In July of 1985, I had been seeing John for about a year. He was cute, very nerdy (majoring in computer programming), very possessive, and usually got his own way about stuff. For instance, movies. I don’t remember seeing many movies I wanted to see while we were dating; they were usually John’s choice.
I was dragged against my will to see Revenge of the Nerds and Dune, just to name a couple. Even though I resented seeing Revenge of the Nerds instead of one of my horror movies or Brat Pack movies, I ended up liking it a lot. Not that I let John know. And Dune – well, that’s two hours of my life I’ll always regret losing.
I wanted to see Valley Girl ever since it came out in 1983, but missed it in the theater. Back then, it took a long time for a movie to come out on Beta, so I finally got the chance when I saw it at the video store in the summer of 1985. But my choice was always vetoed, and I usually didn’t rent movies for myself; I was rarely home, plus I lived with my parents who were strict about what movies I brought home. Valley Girl was rated “R,” so no-go.
But it wasn’t just the movie thing that bothered me. I had to let John know where I was and who I was with. He really didn’t approve of Marybeth, citing her a “bad influence.” As a result of all the fighting, it was easier if I didn’t hang out with her as much. I tell my girls now to never choose a guy over their friends.
Everything finally came to a head when he and I joined my parents and brother in Virginia Beach for the weekend. They were staying for a week, but I couldn’t go with them because I had to work. The weekend sounded like a wonderful compromise. However. John and I constantly fought over nothing, making everyone around us uncomfortable. I wanted to smack his hand every time he touched my shoulder or put his arm around me. The entire weekend was miserable.
On the drive home, he grabbed my hand and insisted on knowing what the hell was up with me. I couldn’t take it one. minute. longer. I broke up with him right then and there. With a four-hour drive ahead of us. It would’ve been an extremely awkward ride, except I fell asleep from stress and exhaustion. He dropped me at home and that was pretty much that.
The next day, feeling both the exhilaration of sudden freedom and the sadness of breaking up with someone I used to love, I went to the video store to find something to take my mind off things. And there it was, sitting on the shelf – Valley Girl. You can bet I took that home right away!
God, what an awesome movie. Julie was so cool and her boyfriend Randy so hot. I always had a soft spot for the punk guy/rocker guy look (Duran Duran rocked that eyeliner), so Nicolas Cage really did it for me. And who wouldn’t want to be one of the Valley Girls – charging cool clothes and jewelry to their parents‘ accounts, going to rad parties, living close to the beach?
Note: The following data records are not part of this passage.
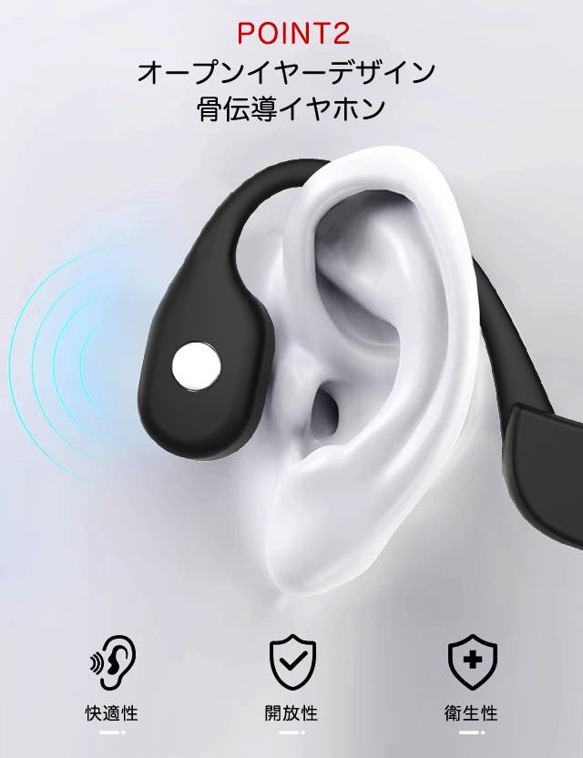 快適性:通常のイヤホンと異なり頭蓋骨に音の振動を直接伝えることによって、耳や鼓膜を介さずに音を伝えることができますので痛みがなく耳への負担も小さい。テレワークの長時間着用も快適!
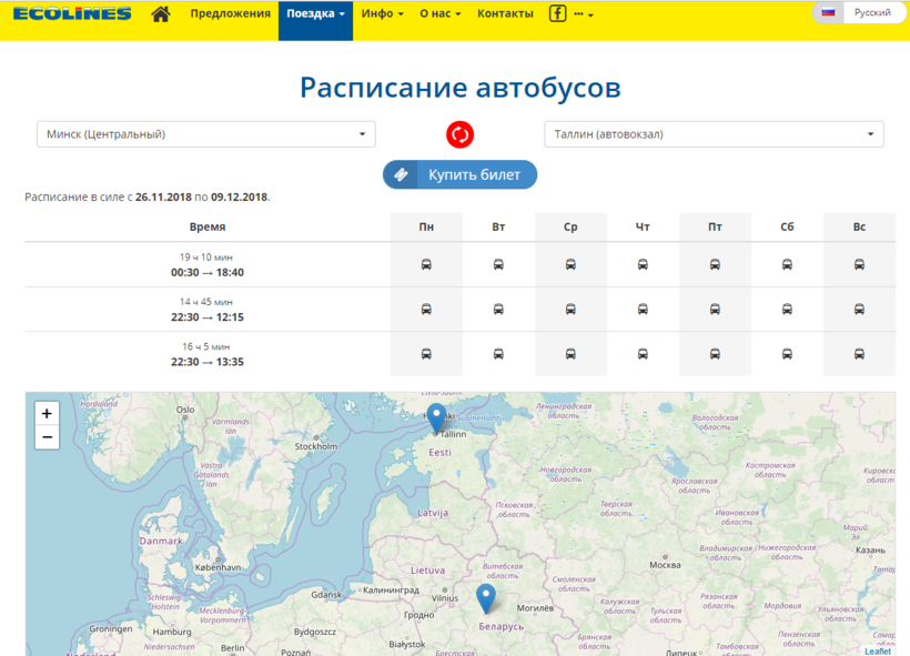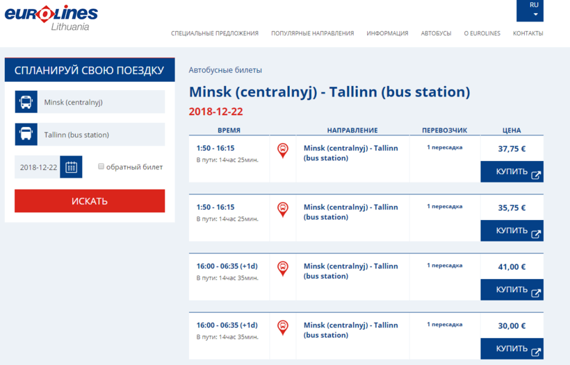 Рейс Минск – Вильнюс – Таллин выполняет автобусный перевозчик Eurolines регулярно два раза в день:
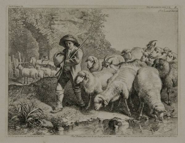 Francesco Londonio Pastore con un sacco che conduce un gregge - 1763 acquaforte, III stato cm. 20x28 Certificato di autenticità a cura di Telemarket, Roncadelle Opera pubb. nel Catalogo Ragionato delle Incisioni di Francesco Londonio, pag. 68, n. 56, Ed. Artes Milano; opera stampata da Antonio Franchetti nel 1837 Firma in alto a dx

They even talked cool, although I had already gone through my Valley speak phase in 1982.
I could relate to Julie, whose friends thought Randy was creepy and a bad influence because of how he looked, wanted her to break up with him and get back with her jerky ex-boyfriend. Some of my friends didn’t like John because of the tight leash he tried to keep on me, but I ignored them. But where Randy was good for Julie, John was NOT good for me. Thankfully, I finally listened to my friends and my gut. Julie ended up with the good guy, and even though I ended up alone, it was a good place to be at the time.
Valley Girl still thrills my heart every time I watch it; I still feel awful when Julie tearfully breaks up with Randy and gets back with Braaaaaad. And when Randy rescues Julie at her prom, it’s a thing of beauty that brings tears of happiness to my eyes.
And you all thought I watched nothing but horror movies.
I swore my next boyfriend was going to have colored hair and wear eye makeup. I was DYING to date a guy like that; they were so cool and so hot at the same time.
I ended up dating and then too quickly marrying a Marine. Go figure.